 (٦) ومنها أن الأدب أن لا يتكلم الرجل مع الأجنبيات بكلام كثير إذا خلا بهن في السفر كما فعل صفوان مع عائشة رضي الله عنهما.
════════
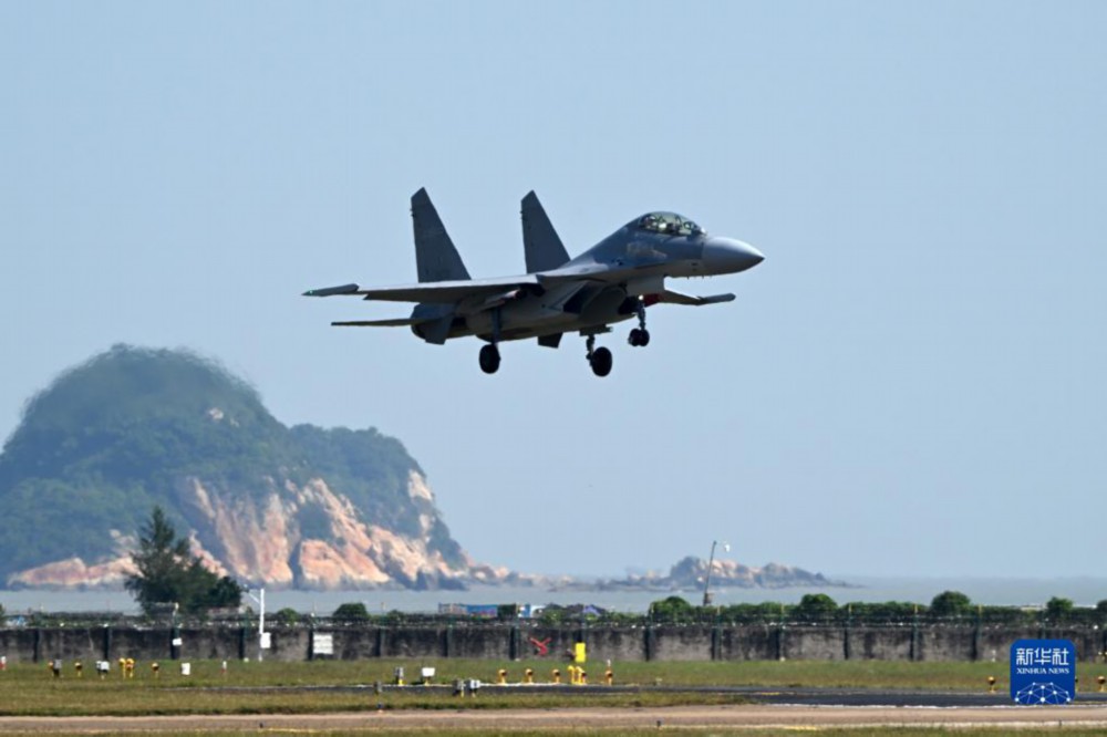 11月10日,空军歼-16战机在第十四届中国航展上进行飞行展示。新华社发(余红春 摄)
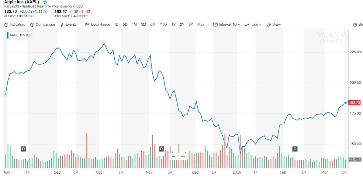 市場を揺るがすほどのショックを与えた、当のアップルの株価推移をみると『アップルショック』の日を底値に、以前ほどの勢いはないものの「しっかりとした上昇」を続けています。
════════
Assignment: From the listing above, restate verbatim the lines running from the one with "11月10日,空军歼-16战" through the one with "市場を揺るがすほどのショック", inclusive, but not the pictures.

Result for this exercise:
 11月10日,空军歼-16战机在第十四届中国航展上进行飞行展示。新华社发(余红春 摄)
 市場を揺るがすほどのショックを与えた、当のアップルの株価推移をみると『アップルショック』の日を底値に、以前ほどの勢いはないものの「しっかりとした上昇」を続けています。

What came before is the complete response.